= Voramai Kabilsingh =

Voramai Kabilsingh (วรมัย กบิลสิงห์; ), also known by her monastic name Ta Tao Fa Tzu (大道法師 (Dàdào Fǎshī), was born Lamai Kabilsingh (ลมัย กบิลสิงห์; ; 6 April 1908; died 23 June 2003), was the first modern Thai bhikkhuni. She founded Songdhammakalyani Monastery, the first modern monastery in Thailand for bhikkhuni and was the mother of Dhammananda Bhikkhuni, the current abbess of Songdhammakalyani Monastery.

== Early life ==
Voramai's father had wanted sons and was disappointed when her mother could not produce a son, so he left for China. Later her sister married a merchant and she would work at their store where she learned English. She also was taught by Catholic nuns at Assumption Girls' College. She developed a passion for writing and journalism. She was also, unusual for a Thai woman of that era, excelled at sword fighting. While studying at a physical education college she met her husband. The marriage was largely an arrangement, so she could avoid being married to a Japanese man. It did lead her to gain the name "Voramai", but his political career ended up causing some physical distance. Despite that they remained supportive of each other while living apart.

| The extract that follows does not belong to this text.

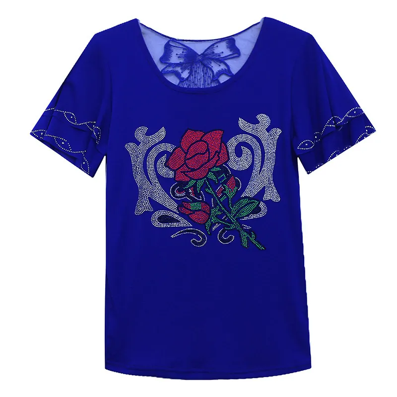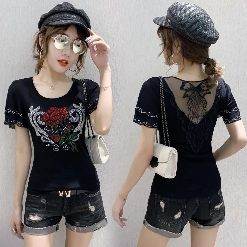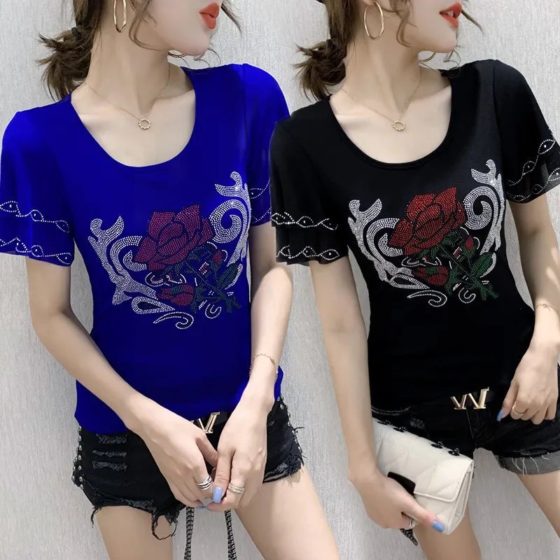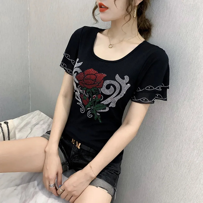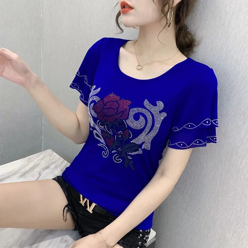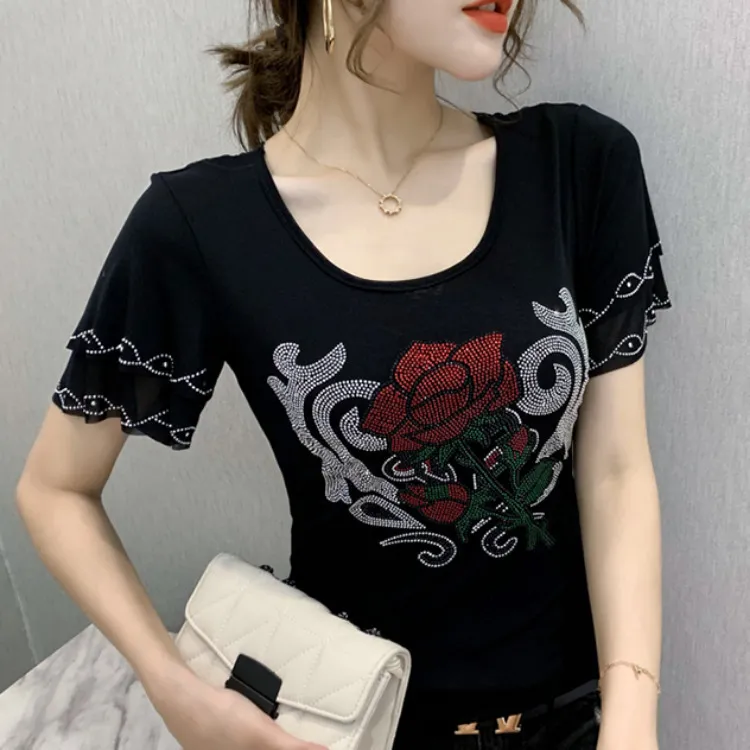 衣都精品- 2021春季新款燙鑽荷葉邊袖圓領上衣
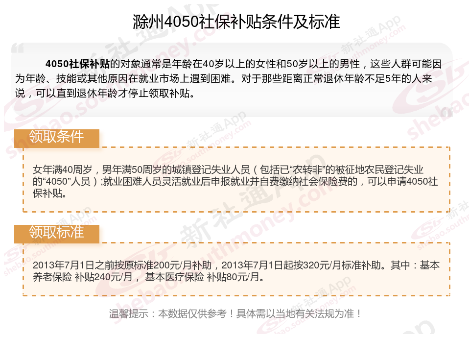 二、滁州4050社保补贴标准及条件4050社保补贴,最新如下

== Spiritual beginnings ==
During a tumor scare in 1954, Voramai was visited by Mae chi Thongsuk, who told her she did not need surgery. Voramai went through with the surgery anyways but to the doctors' surprise the tumor was gone. Following the incident, Voramai went to visit Mae chi Thongsuk's master, Luang Pu Sodh, at Wat Paknam who said to her "Didn't I tell you you didn't need the operation?". This incident has been credited with sparking her interest in the spiritual life. Voramai then went on to study meditation at Wat Paknam and then began publishing a magazine on Buddhism and meditation in 1955.

== Ordination ==
In 1956, Voramai took lower ordination when her daughter, now Dhammananda Bhikkhuni, was ten. She wore yellow robes to distinguish herself from mae chi or bhikkhus. Voramai eventually gained a following, with other Thai women joining her as yellow robed nuns. In 1957, she purchased land in Nakhon Pathom to build Songdhammakalyani Monastery for women. She later learned higher ordination as a full bhikkhuni was possible outside of Thailand and was ordained in a Dharmaguptaka lineage in Taiwan in 1971 with the monastic name Ta Tao Fa Tzu, the Thai equivalent of the name being Maha Bodhi Dhammacarya. After her ordination, Voramai became a prominent teacher and became involved in many conferences and organizations for Buddhist women. In 2001, Voramai's daughter took ordination as a samaneri, or female novice monk. A year later Voramai told her daughter she "had to leave", but her daughter said that she cannot leave until she received full ordination, to which Voramai agreed. In February 2003, Voramai's daughter received full ordination in Sri Lanka and became known as Dhammananda Bhikkhuni, the first modern Thai women to be ordained as a bhikkhuni in the Theravada lineage. Afterwards, Voramai died in June 2003.